“Are you kidding me? They don’t care about us. It’s all about performance. If our department’s ratings are good, we’re ok. If not, we’re in trouble.”
In the current healthcare environment, medical staff are required to do much more in less time, feeling stressed, and in many cases experiencing burnout. Retaining quality, experienced medical professionals and trained staff is critically important in today’s healthcare climate. Discouragement and burnout occur more rapidly when employees do not feel appreciated or emotionally supported.
Medical practice managers across the nation feel frustrated, not knowing how to support employees and reward staff for the hard work they are doing. Managers often feel they don’t have many good options in trying to reward employees.
Negative Attitudes Among Helthcare Workers
Some work settings seem to just “ooze” cynicism, sarcasm, and a lack of trust. Probably the most intense cynical environments I’ve experienced are medical settings and hospitals (along with universities and long-term care facilities.) For example, in one training session with hospital staff, a nurse boldly spoke up and said, “I haven’t heard anything positive for five years, and now I’m supposed believe them when someone tells me they appreciate me? Ain’t happenin’!”
Getting Past Perceived Inauthenticity
You can never fully “prove” your authentic appreciation for a person and you can’t “make” someone believe you. At the same time, there are practical steps that can be taken that can help get past challenges of being perceived as not genuinely valuing your colleagues.
- Only communicate appreciation when it is true.
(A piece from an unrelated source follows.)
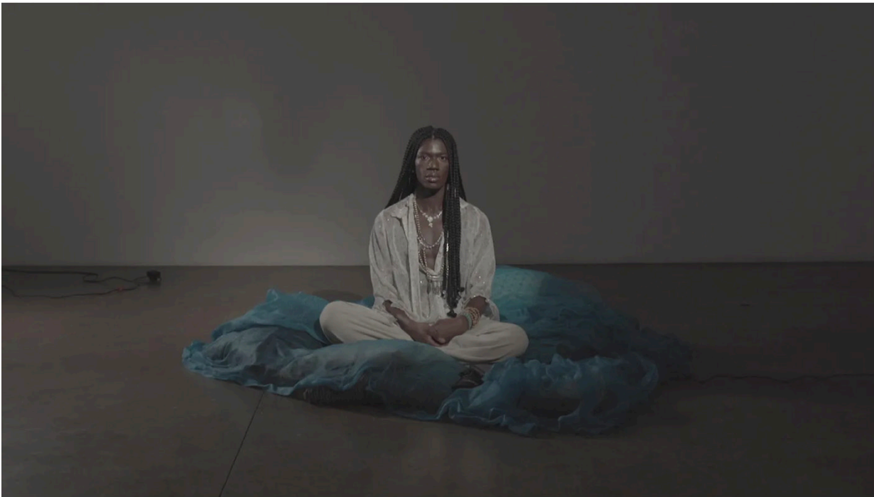
Illustrations for Libatons, Attestations, Affirmations. 2020. Performance, video.

I just started a series of performance works titled my body reminds us of water , that have taken place at different venues around the UK, at small and major institutions: Kings College, Porthmeor Studios in St Ives, Frieze, Camden Arts Center in November. There are a couple more iterations coming up: Oxford in December and at Auto Italia. These performances think through image culture, desire production, the body as an archive, gender as ancestral communication. I've started work on a large scale project called Following The Gourd , which thinks through astronomical knowledge, cosmologies, archival practices, and will have multiple outcomes and realisations. One of these is a web based interactive map of a fictional night sky that also doubles as an archive of trans existence, created with a small group of Black Trans youth, with FACT Liverpool and VISUAL Carlow, in Ireland. I'm also writing a small collection of poetry to come out in 2022.

People have good “radar” for communication that isn’t true. If you try to “fake it”, any trust existing in your relationship will be undermined.
- Acknowledge the interfering causes. Statements like, “I know I haven’t communicated much (if any) appreciation to you in the past…” or “I know we’ve had our conflicts and differences in the past…” and even, “I know you may think I’m saying this just because we’ve had the training on communicating appreciation…”
- Communicate specifics. The more specific you can be about what the person does or the character quality you value, the greater probability that you’ll be viewed as honest (rather than some vague, general statement -- “I’m glad you’re part of the team.”)
- Be consistent over time. If you communicate one message of appreciation every six months, the likelihood of being perceived as being genuine is low. Similarly, if you only communicate positive messages in front of others (especially, your supervisor), that also will lead to a perception of your doing the actions just “for show.”
- Don’t focus solely on performance or on situations that benefit you directly. A nice way to communicate authentic communication is to identify non-work related skills that are positive (for example, their cheerfulness or how they treat others kindly).
There is no “magic bullet”. But we have found that the only way to get past other’s perceptions of whether our actions or statements are not “real” is to communicate appreciation to them repeatedly, over a period of time, and in the ways important to them.
Is the lack of perceived genuineness of recognition, appreciation, and encouragement an issue in medical settings? Absolutely. Is it a deserved concern? Most probably. Can inauthenticity be successfully addressed? Yes. Is it worth the time and effort? Most definitely.
When employees and staff members truly feel valued and appreciated, good things happen. Staff morale improves. Conflict and bickering decreases. Compliance to policies and procedures increases. Absenteeism and tardiness decline. And managers enjoy their jobs more. (Being forthright, if your appreciation is viewed as authentic, you will “stick out” from your competitors and you will be able to attract and retain quality team members.)
Genuine encouragement is, unfortunately, the exception rather than the rule but authentic appreciation can be a powerful tool to cut through the fog of a negative work environment characterized by cynicism, sarcasm and a lack of trust.